The Calgary-based firm was in the news this fall when it announced it would avoid the bitumen pipeline bottlenecks and very low prices being paid to Canadian oilsands producers by contracting for new terminals and a fleet of rail cars to carry its product to the U.S. Gulf Coast.
The first shipment of diluted bitumen left the Lynton rail terminal, located just south of Fort McMurray, on Dec. 22 and landed in Mississippi on Jan. 6. It will be off-loaded at the Genesis Natchez terminal where Southern Pacific has exclusive terminal capacity, the company announced Monday.
Initial production at the firm’s steam-assisted gravity drainage (SAGD) facility 45 km northwest of Fort McMurray was 1,200 barrels per day in December. It could take at least another year before the design capacity of 12,000 bpd is achieved.
Southern Pacific plans to build inventory in Natchez for most of January before it begins sales of its dilbit, which will be loaded onto barges and taken a short distance downriver to one of the eight refineries in Louisiana where it will receive pricing competitive with other U.S. Gulf Coast heavy oil imports. That price will be about $110 per barrel, more than double the current bitumen price for Canadian heavy crude.
Southern Pacific estimates it will pay $31 a barrel to move its product to a Louisiana refinery compared with $8 for pipeline shipping if that was available. It will also haul diluent — the bitumen thinner which is much cheaper in the U.S. — in the returning cars for its own use, which will defray some of its shipping costs.

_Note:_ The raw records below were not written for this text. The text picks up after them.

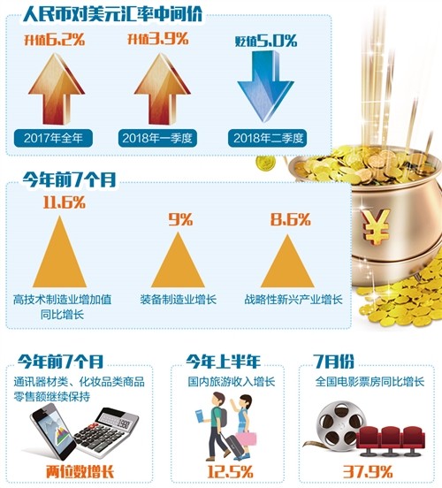 从供给方面来看,我国供给结构在持续优化。数据显示,前7个月,高技术制造业增加值同比增长11.6%,装备制造业增长9%,战略性新兴产业增长8.6%。从消费方面来看,消费升级态势继续,前7个月通信器材类、化妆品类商品零售额继续保持两位数增长,上半年国内旅游收入同比增长12.5%,7月份全国电影票房同比增长37.9%。从投资方面来看,投资结构在优化,制造业投资增速连续4个月保持回升,民间投资增速连续两个月小幅回升。这些基本面的积极迹象对人民币汇率构成了正向支撑。
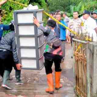 Badan Penanggulangan Bencana Daerah (BPBD) Kabupaten Sukabumi mulai mengaktifkan pos pengungsian untuk para warga Kampung Batuhilir di Desa Sekarwangi, Kecamatan Cibadak, Kabupaten Sukabumi, Provinsi ...
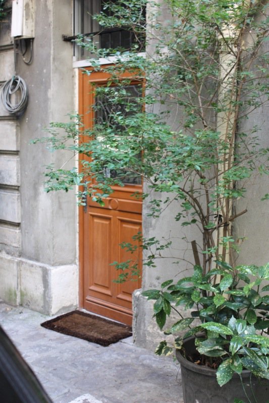 We were on this very busy street directly across from the Jardin Luxembourg and #89 was atop the massive red door you can see with the arch above it, below. But it was a heavy door and there was no sign?
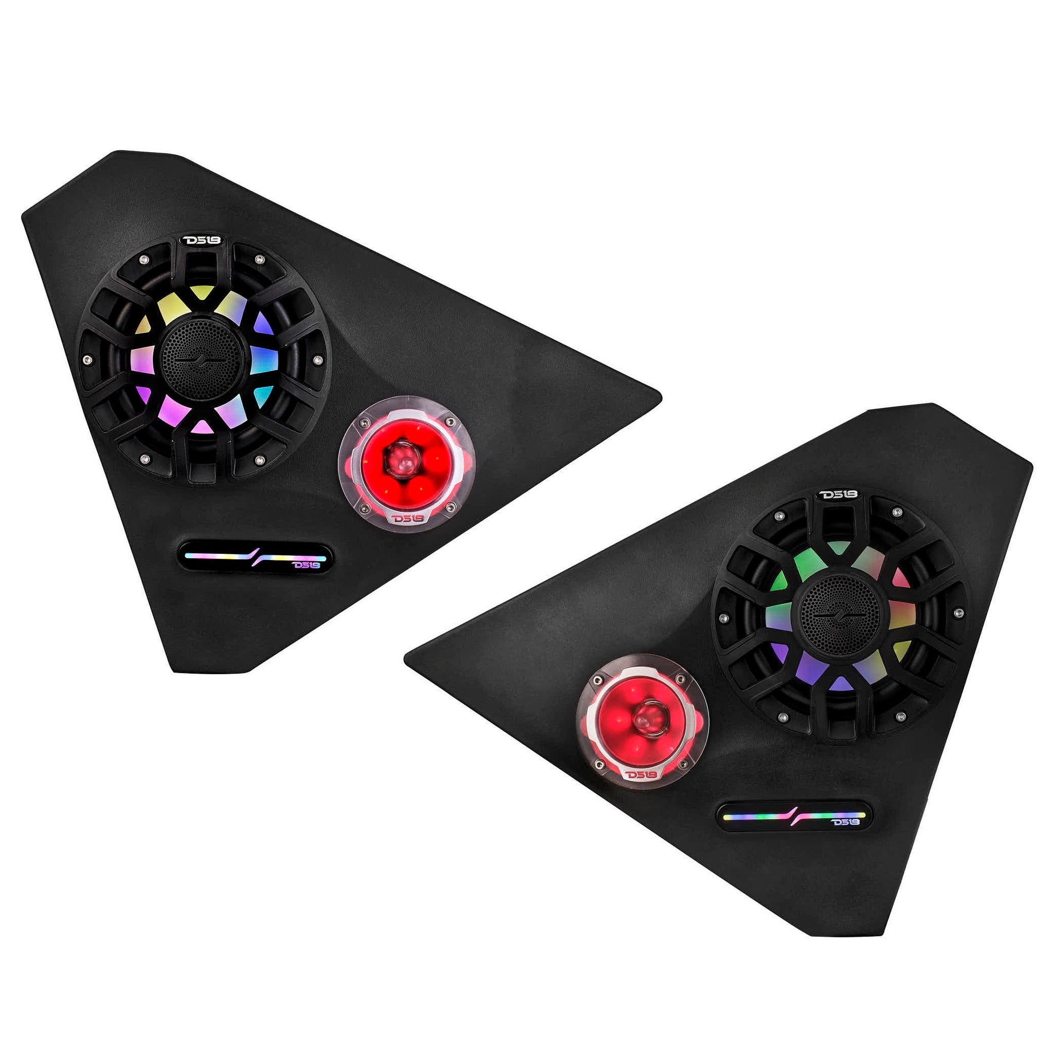 Designed to house most 6.5" DS18 speakers (PRO-SM6.2 Recommended) and 3.8" bullet tweeters (PRO-TW4L Recommended), these front kick panel pods significantly enhance your sound system performance. The sealed type waterproof enclosure and damping material ensure optimal speaker performance, delivering crisp highs and deep bass tones.
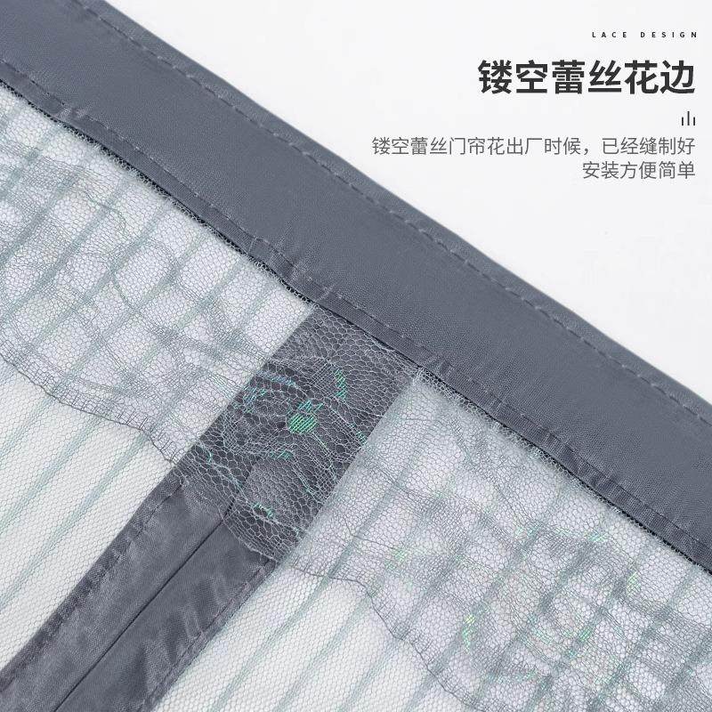 新款 双开蕾丝纱门帘透气双层防隐私家用免打孔隔断帘卧室防蚊虫
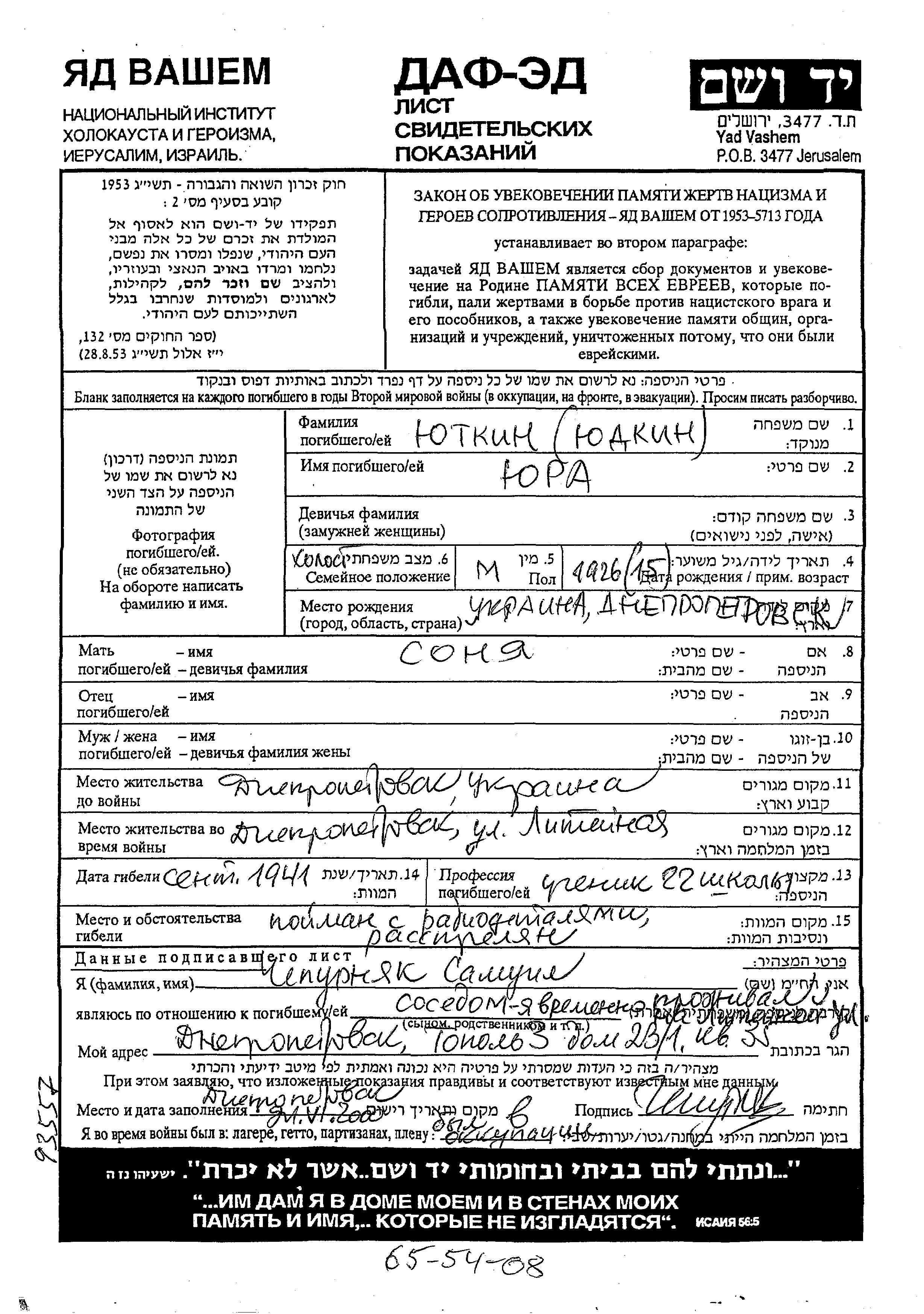 Yutkin Yura 1926 Dnepropetrovsk, Ukraine (URSS) Feuille de témoignage

The first diluent delivery is expected on Jan. 21 when the rail cars return.
Under the contract with Altex, CN and Genesis Energy in the U.S., more than 12,000 carloads each year will be heading to Mississippi in the 500 rail cars Southern Pacific has leased. This would equal about 10 crude unit trains per month on a two-week return trip. The CN line runs through the Edmonton region.